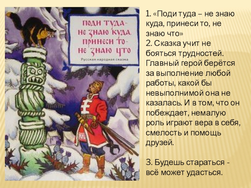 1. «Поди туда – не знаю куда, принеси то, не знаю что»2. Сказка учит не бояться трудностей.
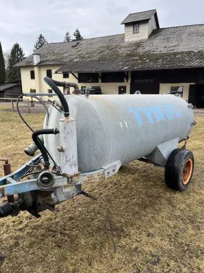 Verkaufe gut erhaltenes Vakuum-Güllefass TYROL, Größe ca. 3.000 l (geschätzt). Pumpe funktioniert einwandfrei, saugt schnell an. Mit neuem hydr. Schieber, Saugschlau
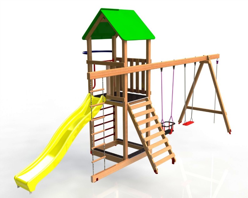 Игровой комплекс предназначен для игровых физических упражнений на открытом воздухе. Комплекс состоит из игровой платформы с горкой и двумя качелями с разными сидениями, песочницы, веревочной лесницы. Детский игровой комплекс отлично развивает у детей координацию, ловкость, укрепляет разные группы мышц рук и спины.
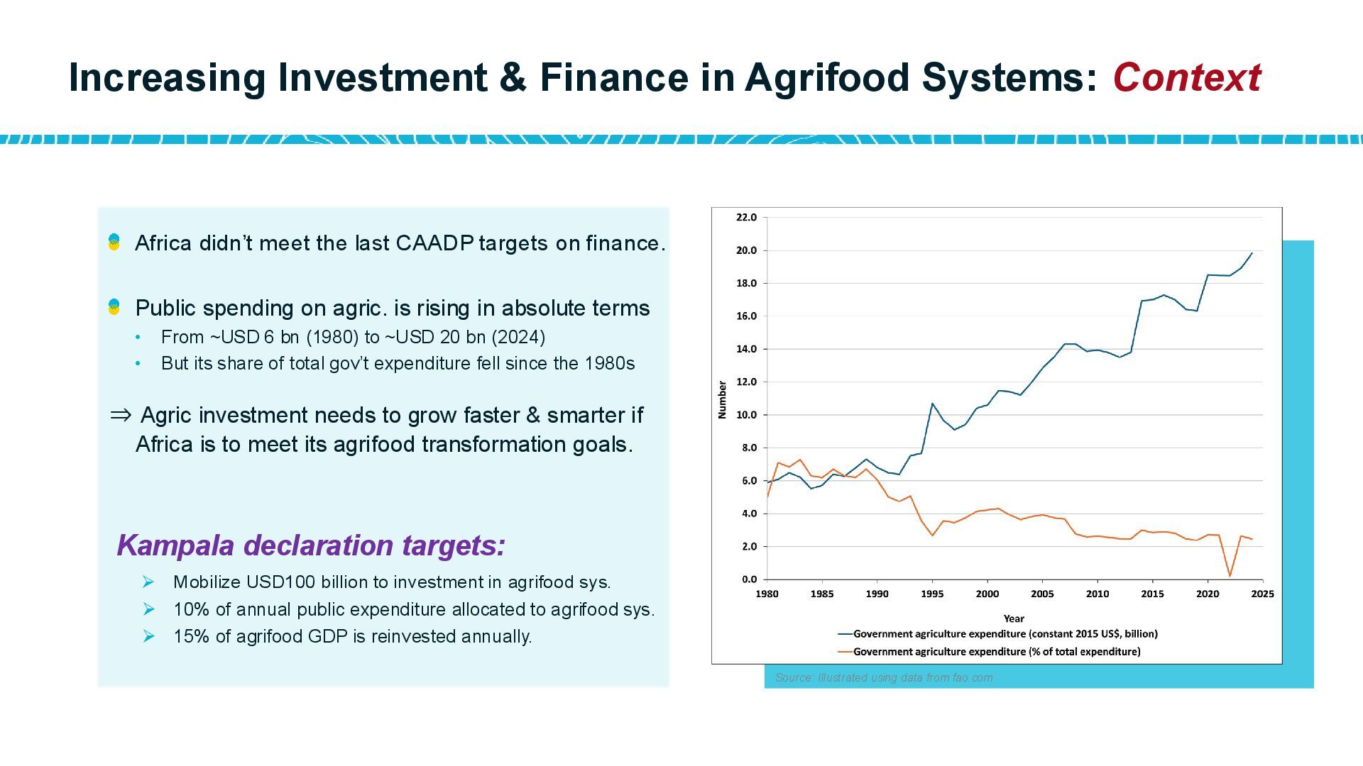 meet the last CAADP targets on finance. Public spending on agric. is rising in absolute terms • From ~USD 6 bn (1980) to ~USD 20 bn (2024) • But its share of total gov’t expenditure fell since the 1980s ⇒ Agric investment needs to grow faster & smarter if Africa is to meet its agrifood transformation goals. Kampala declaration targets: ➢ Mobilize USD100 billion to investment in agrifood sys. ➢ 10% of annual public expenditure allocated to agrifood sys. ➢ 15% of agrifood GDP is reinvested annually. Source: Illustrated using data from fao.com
□ □ □ □
» **TASK REQUIREMENTS**
The expected answer is an unaltered copy of the listing, images removed.

» **RESPONSE TO THIS TASK**
 1. «Поди туда – не знаю куда, принеси то, не знаю что»2. Сказка учит не бояться трудностей.
 Verkaufe gut erhaltenes Vakuum-Güllefass TYROL, Größe ca. 3.000 l (geschätzt). Pumpe funktioniert einwandfrei, saugt schnell an. Mit neuem hydr. Schieber, Saugschlau
 Игровой комплекс предназначен для игровых физических упражнений на открытом воздухе. Комплекс состоит из игровой платформы с горкой и двумя качелями с разными сидениями, песочницы, веревочной лесницы. Детский игровой комплекс отлично развивает у детей координацию, ловкость, укрепляет разные группы мышц рук и спины.
 meet the last CAADP targets on finance. Public spending on agric. is rising in absolute terms • From ~USD 6 bn (1980) to ~USD 20 bn (2024) • But its share of total gov’t expenditure fell since the 1980s ⇒ Agric investment needs to grow faster & smarter if Africa is to meet its agrifood transformation goals. Kampala declaration targets: ➢ Mobilize USD100 billion to investment in agrifood sys. ➢ 10% of annual public expenditure allocated to agrifood sys. ➢ 15% of agrifood GDP is reinvested annually. Source: Illustrated using data from fao.com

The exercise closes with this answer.